*TASK TO CARRY OUT*.
Give again, exactly and only, the lines running from the one with "Luxury Modest silver" to the end of the material below; leave out pictures.

*AVAILABLE DATA*.
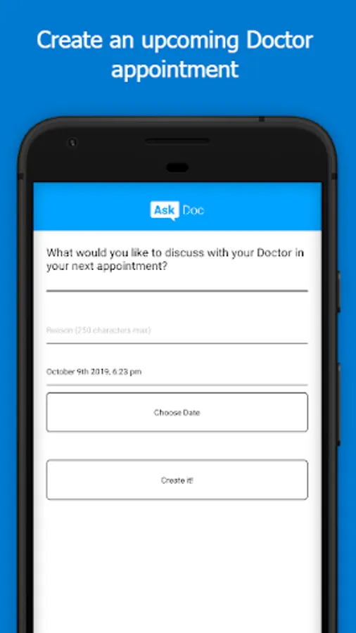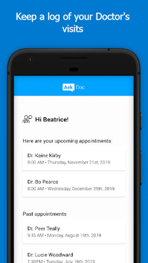 Prepare for your Doctor appointment: List your reasons for a scheduled doctor's appointment and AskDoc will send them directly to your Doctor.
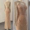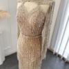 Luxury Modest silver embellished long sleeve evening gown, beautifully hand crafted together with sequins all over the dress.
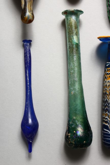 A COLLECTION OF TWELVE ROMAN/EGYPTIAN-STYLE DECORATIVE GLASS PIECES.
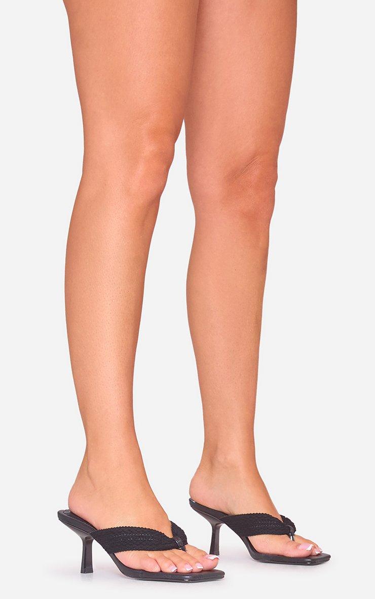 Hudson Textured Thong Strap Square Toe Heel Mule In Black Patent

*ANSWER SPACE*.
 Luxury Modest silver embellished long sleeve evening gown, beautifully hand crafted together with sequins all over the dress.
 A COLLECTION OF TWELVE ROMAN/EGYPTIAN-STYLE DECORATIVE GLASS PIECES.
 Hudson Textured Thong Strap Square Toe Heel Mule In Black Patent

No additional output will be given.